Así las cosas, en el presente evento no puede tenerse por cumplida la exigencia de inmediatez de la solicitud por cuanto supera en mucho el lapso razonable de los seis meses que se adopta, y no se demostró, ni invocó siquiera, justificación de tal demora por el accionante. ” (Sentencia 2 de agosto de 2007, exp. No. 2007-00188-01). De manera que en el presente asunto la pretensión de la tutelante encaminada a revocar la sentencia decisoria del recurso de revisión no está llamada a prosperar, como tampoco lo es aquella que busca dejar sin efectos la actuación posterior que depende de tal providencia, en virtud de lo expuesto líneas atrás en torno al requisito de la inmediatez, cuya finalidad, en tratándose de decisiones y actuaciones judiciales, radica en brindar seguridad y certeza jurídica; tanto más si se toma en consideración que la interesada no alegó ni mucho menos demostró motivo alguno que justifique la demora en acudir al juez constitucional. 3.

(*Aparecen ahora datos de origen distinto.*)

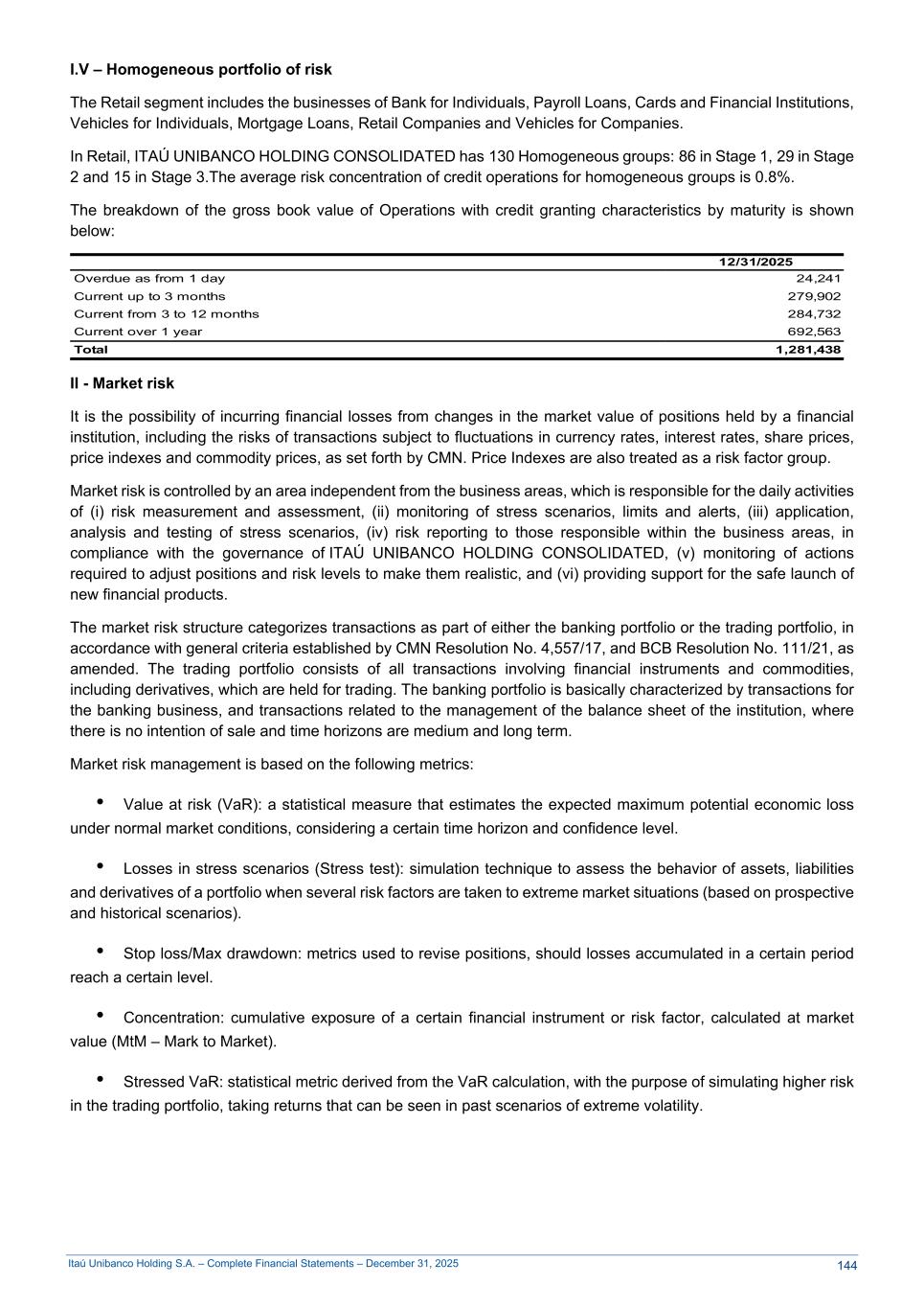 Itaú Unibanco Holding S.A. – Complete Financial Statements – December 31, 2025 I.V – Homogeneous portfolio of risk The Retail segment includes the businesses of Bank for Individuals, Payroll Loans, Cards and Financial Institutions, Vehicles for Individuals, Mortgage Loans, Retail Companies and Vehicles for Companies. In Retail, ITAÚ UNIBANCO HOLDING CONSOLIDATED has 130 Homogeneous groups: 86 in Stage 1, 29 in Stage 2 and 15 in Stage 3.The average risk concentration of credit operations for homogeneous groups is 0.8%. The breakdown of the gross book value of Operations with credit granting characteristics by maturity is shown below: 12/31/2025 Overdue as from 1 day 24,241 Current up to 3 months 279,902 Current from 3 to 12 months 284,732 Current over 1 year 692,563 Total 1,281,438 II - Market risk It is the possibility of incurring financial losses from changes in the market value of positions held by a financial institution, including the risks of transactions subject to fluctuations in currency rates, interest rates, share prices, price indexes and commodity prices, as set forth by CMN. Price Indexes are also treated as a risk factor group. Market risk is controlled by an area independent from the business areas, which is responsible for the daily activities of (i) risk measurement and assessment, (ii) monitoring of stress scenarios, limits and alerts, (iii) application, analysis and testing of stress scenarios, (iv) risk reporting to those responsible within the business areas, in compliance with the governance of ITAÚ UNIBANCO HOLDING CONSOLIDATED, (v) monitoring of actions required to adjust positions and risk levels to make them realistic, and (vi) providing support for the safe launch of new financial products. The market risk structure categorizes transactions as part of either the banking portfolio or the trading portfolio, in accordance with general criteria established by CMN Resolution No. 4,557/17, and BCB Resolution No. 111/21, as amended. The trading portfolio consists of all transactions involving financial instruments and commodities, including derivatives, which are held for trading. The banking portfolio is basically characterized by transactions for the banking business, and transactions related to the management of the balance sheet of the institution, where there is no intention of sale and time horizons are medium and long term. Market risk management is based on the following metrics: • Value at risk (VaR): a statistical measure that estimates the expected maximum potential economic loss under normal market conditions, considering a certain time horizon and confidence level. • Losses in stress scenarios (Stress test): simulation technique to assess the behavior of assets, liabilities and derivatives of a portfolio when several risk factors are taken to extreme market situations (based on prospective and historical scenarios). • Stop loss/Max drawdown: metrics used to revise positions, should losses accumulated in a certain period reach a certain level. • Concentration: cumulative exposure of a certain financial instrument or risk factor, calculated at market value (MtM – Mark to Market). • Stressed VaR: statistical metric derived from the VaR calculation, with the purpose of simulating higher risk in the trading portfolio, taking returns that can be seen in past scenarios of extreme volatility. 144

Baste lo anterior, para denegar el amparo deprecado. DECISIÓN Con fundamento en lo expuesto, la Corte Suprema de Justicia, en Sala de Casación Civil, administrando Justicia en nombre de la República y por autoridad de la ley, DENIEGA el amparo solicitado. Comuníquese mediante telegrama a los interesados, y si la decisión no es impugnada, remítase el expediente a la Corte Constitucional para su eventual revisión. Por Secretaría devuélvase el expediente adjunto al juzgado de origen.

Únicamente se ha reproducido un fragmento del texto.